[Description of the task] Below is a listing with pictures in it; transcribe exactly the lines from the one that has "Voilà la partie" through the one that has "351 - (492)", and omit those pictures.

[Provided records]
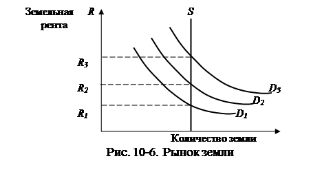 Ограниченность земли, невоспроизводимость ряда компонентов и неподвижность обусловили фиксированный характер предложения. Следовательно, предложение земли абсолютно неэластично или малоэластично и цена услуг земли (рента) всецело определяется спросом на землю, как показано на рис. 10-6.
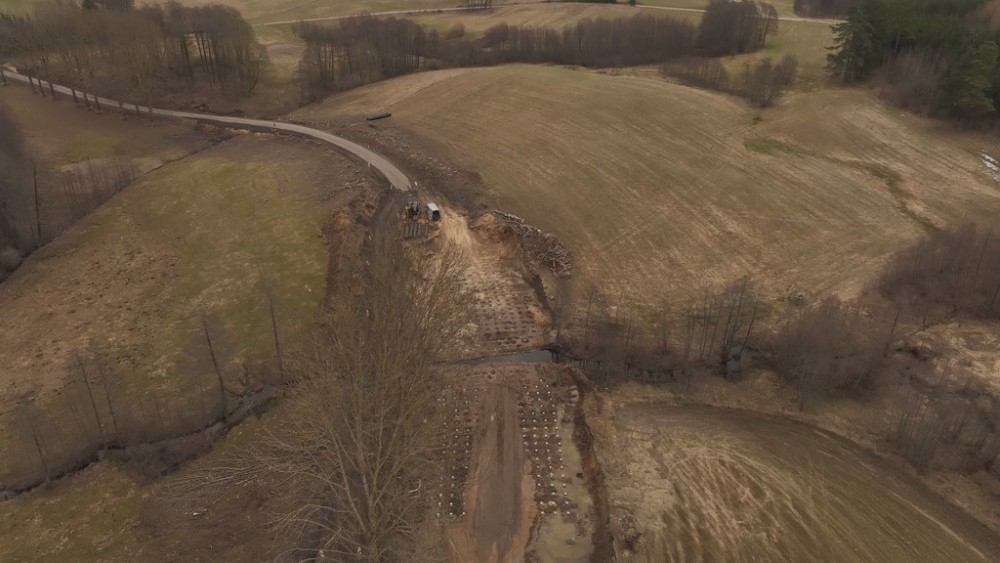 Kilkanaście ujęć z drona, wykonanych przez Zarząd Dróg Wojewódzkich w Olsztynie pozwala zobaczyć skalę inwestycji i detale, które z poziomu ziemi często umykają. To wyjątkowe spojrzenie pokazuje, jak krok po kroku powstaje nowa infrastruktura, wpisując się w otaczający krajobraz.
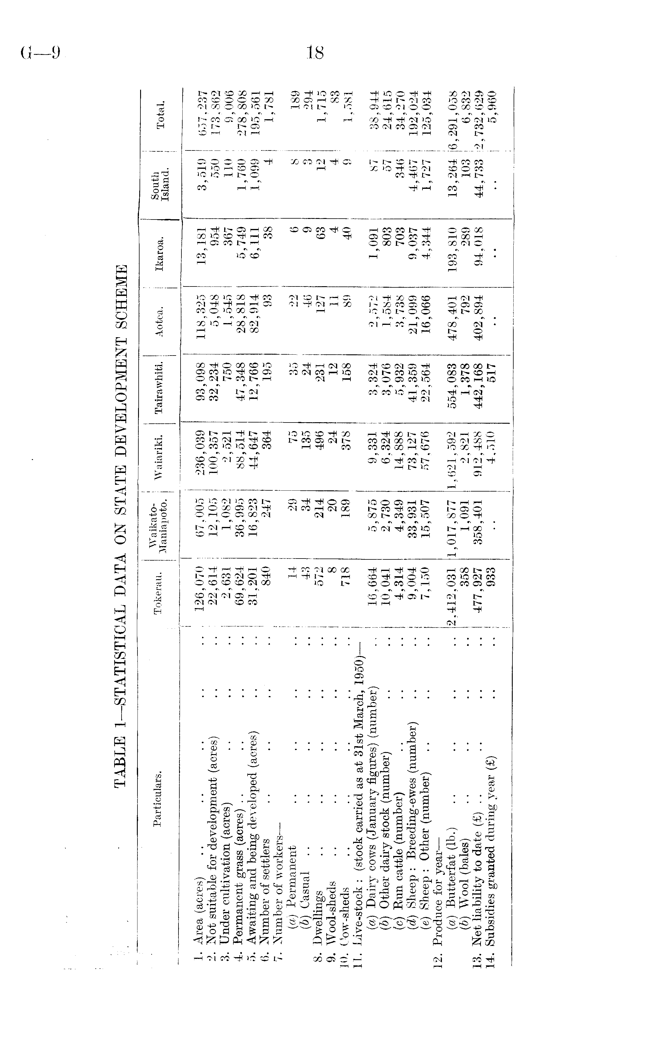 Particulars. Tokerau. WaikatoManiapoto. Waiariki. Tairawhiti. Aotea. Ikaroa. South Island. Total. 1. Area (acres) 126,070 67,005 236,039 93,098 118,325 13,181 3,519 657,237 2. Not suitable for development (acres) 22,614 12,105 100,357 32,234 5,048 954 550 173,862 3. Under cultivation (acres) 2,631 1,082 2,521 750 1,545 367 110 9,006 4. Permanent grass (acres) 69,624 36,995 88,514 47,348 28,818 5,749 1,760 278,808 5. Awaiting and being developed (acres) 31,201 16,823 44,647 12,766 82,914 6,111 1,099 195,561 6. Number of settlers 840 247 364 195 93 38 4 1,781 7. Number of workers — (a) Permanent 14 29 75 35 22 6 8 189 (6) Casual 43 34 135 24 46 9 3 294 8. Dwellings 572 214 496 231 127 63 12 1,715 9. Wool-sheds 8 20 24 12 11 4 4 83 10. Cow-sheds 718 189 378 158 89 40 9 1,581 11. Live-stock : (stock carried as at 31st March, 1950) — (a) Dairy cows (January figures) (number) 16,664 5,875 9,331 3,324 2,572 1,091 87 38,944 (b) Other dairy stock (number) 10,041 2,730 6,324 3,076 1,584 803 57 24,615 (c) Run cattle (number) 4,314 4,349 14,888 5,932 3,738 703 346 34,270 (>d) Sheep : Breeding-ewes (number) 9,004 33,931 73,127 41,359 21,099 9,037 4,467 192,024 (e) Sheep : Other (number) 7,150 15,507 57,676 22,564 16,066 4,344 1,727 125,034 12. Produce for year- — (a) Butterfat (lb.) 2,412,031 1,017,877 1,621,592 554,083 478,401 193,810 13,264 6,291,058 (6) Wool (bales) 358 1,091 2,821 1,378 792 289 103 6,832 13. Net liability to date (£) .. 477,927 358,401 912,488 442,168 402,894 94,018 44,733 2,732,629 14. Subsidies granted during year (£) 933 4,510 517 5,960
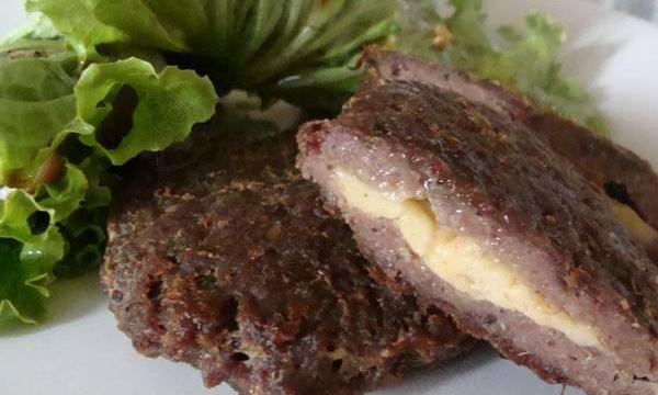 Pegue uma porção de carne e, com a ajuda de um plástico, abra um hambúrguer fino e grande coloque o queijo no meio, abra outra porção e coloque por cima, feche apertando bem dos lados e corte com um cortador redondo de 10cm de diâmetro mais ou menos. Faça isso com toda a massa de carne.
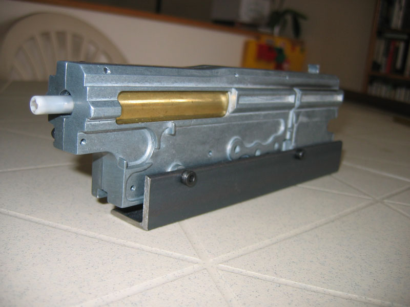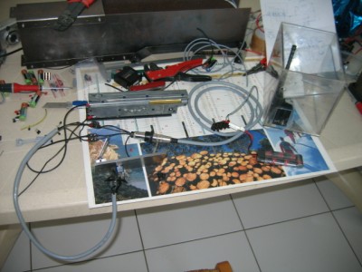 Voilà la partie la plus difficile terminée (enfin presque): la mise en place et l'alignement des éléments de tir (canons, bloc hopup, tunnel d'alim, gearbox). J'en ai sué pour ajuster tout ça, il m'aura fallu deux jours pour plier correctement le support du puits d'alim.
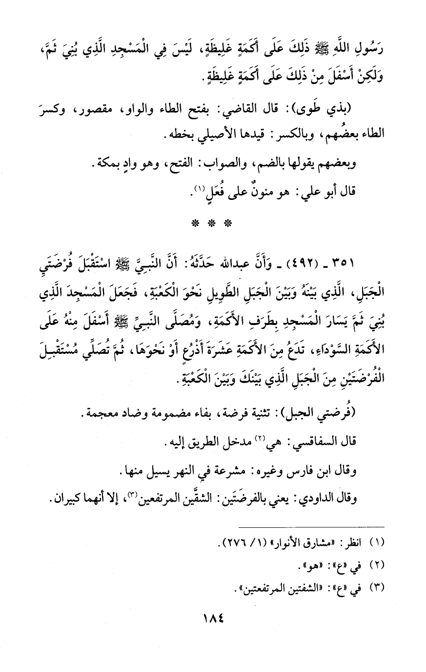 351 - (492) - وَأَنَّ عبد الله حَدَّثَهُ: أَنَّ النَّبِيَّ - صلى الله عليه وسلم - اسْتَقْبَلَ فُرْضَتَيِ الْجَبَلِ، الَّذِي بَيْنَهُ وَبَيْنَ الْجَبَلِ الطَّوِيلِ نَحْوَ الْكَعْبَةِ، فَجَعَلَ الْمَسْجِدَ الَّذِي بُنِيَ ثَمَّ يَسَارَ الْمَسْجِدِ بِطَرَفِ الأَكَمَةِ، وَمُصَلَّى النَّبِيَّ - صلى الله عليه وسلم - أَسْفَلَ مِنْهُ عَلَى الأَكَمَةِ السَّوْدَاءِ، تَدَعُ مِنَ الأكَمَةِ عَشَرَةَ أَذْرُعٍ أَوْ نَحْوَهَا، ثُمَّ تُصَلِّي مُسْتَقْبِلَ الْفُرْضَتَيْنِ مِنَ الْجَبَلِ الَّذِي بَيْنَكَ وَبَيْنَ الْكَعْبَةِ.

==

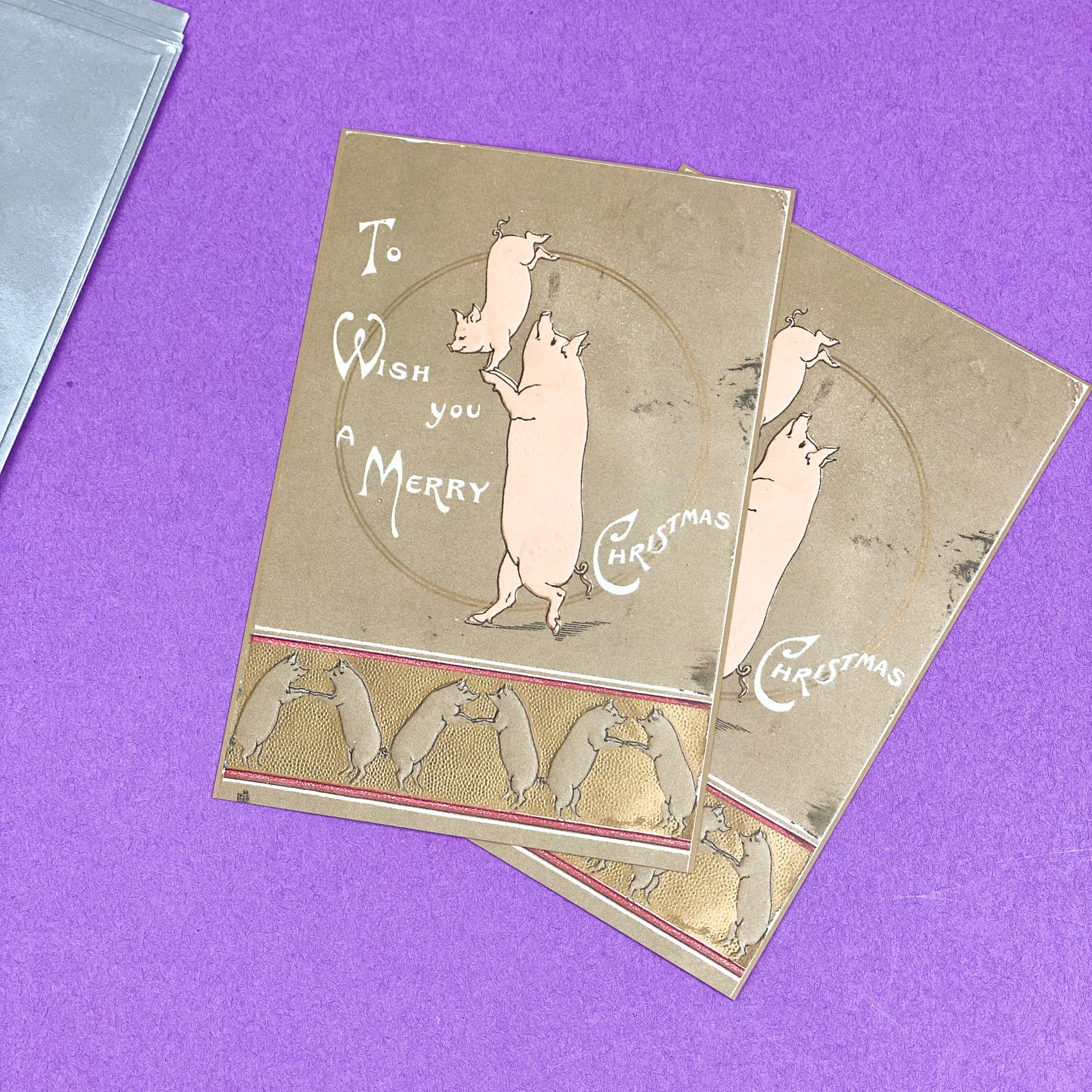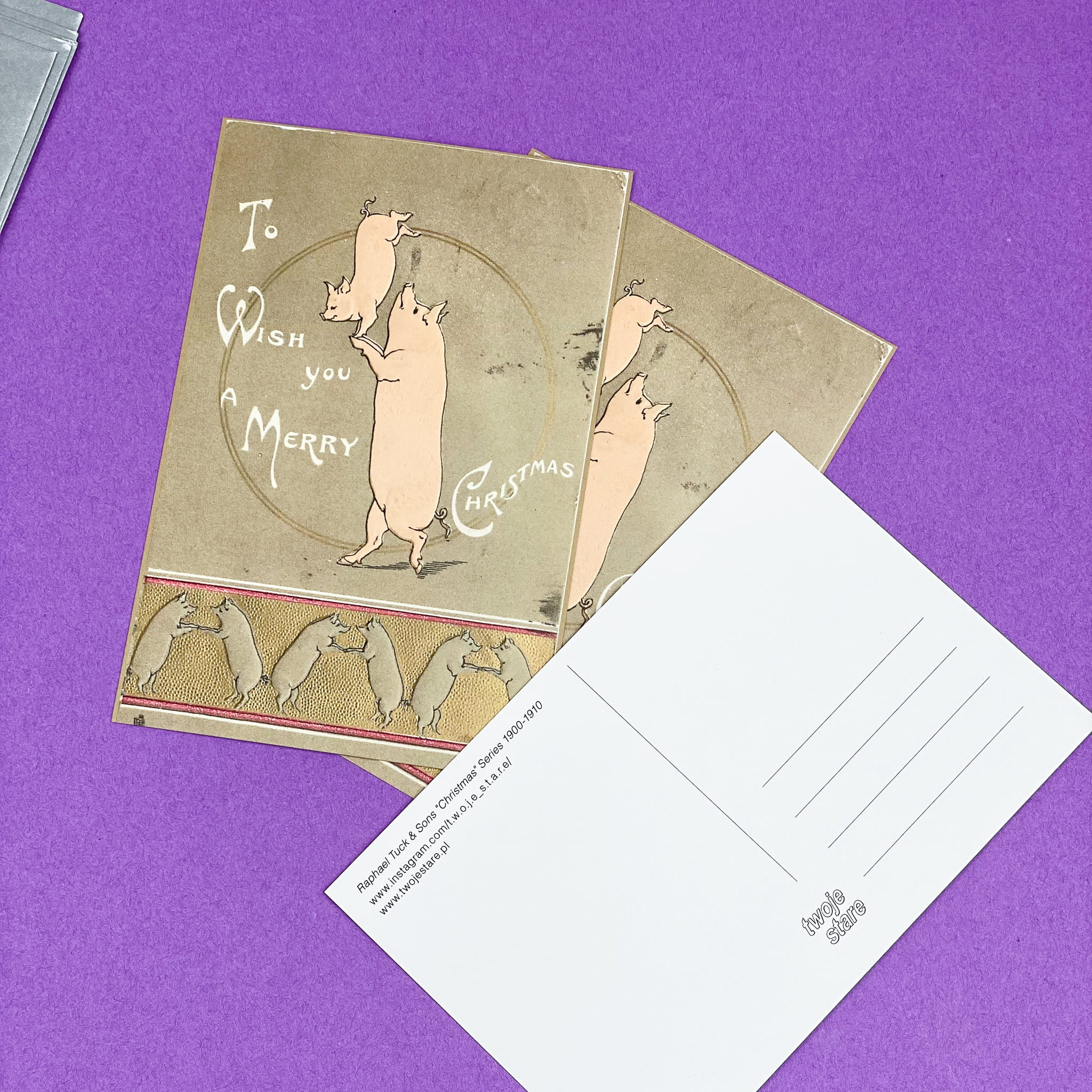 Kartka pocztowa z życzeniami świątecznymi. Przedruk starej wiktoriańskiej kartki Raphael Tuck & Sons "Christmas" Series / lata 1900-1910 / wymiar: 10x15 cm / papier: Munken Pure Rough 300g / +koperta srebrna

[Completed exercise]
 Voilà la partie la plus difficile terminée (enfin presque): la mise en place et l'alignement des éléments de tir (canons, bloc hopup, tunnel d'alim, gearbox). J'en ai sué pour ajuster tout ça, il m'aura fallu deux jours pour plier correctement le support du puits d'alim.
 351 - (492) - وَأَنَّ عبد الله حَدَّثَهُ: أَنَّ النَّبِيَّ - صلى الله عليه وسلم - اسْتَقْبَلَ فُرْضَتَيِ الْجَبَلِ، الَّذِي بَيْنَهُ وَبَيْنَ الْجَبَلِ الطَّوِيلِ نَحْوَ الْكَعْبَةِ، فَجَعَلَ الْمَسْجِدَ الَّذِي بُنِيَ ثَمَّ يَسَارَ الْمَسْجِدِ بِطَرَفِ الأَكَمَةِ، وَمُصَلَّى النَّبِيَّ - صلى الله عليه وسلم - أَسْفَلَ مِنْهُ عَلَى الأَكَمَةِ السَّوْدَاءِ، تَدَعُ مِنَ الأكَمَةِ عَشَرَةَ أَذْرُعٍ أَوْ نَحْوَهَا، ثُمَّ تُصَلِّي مُسْتَقْبِلَ الْفُرْضَتَيْنِ مِنَ الْجَبَلِ الَّذِي بَيْنَكَ وَبَيْنَ الْكَعْبَةِ.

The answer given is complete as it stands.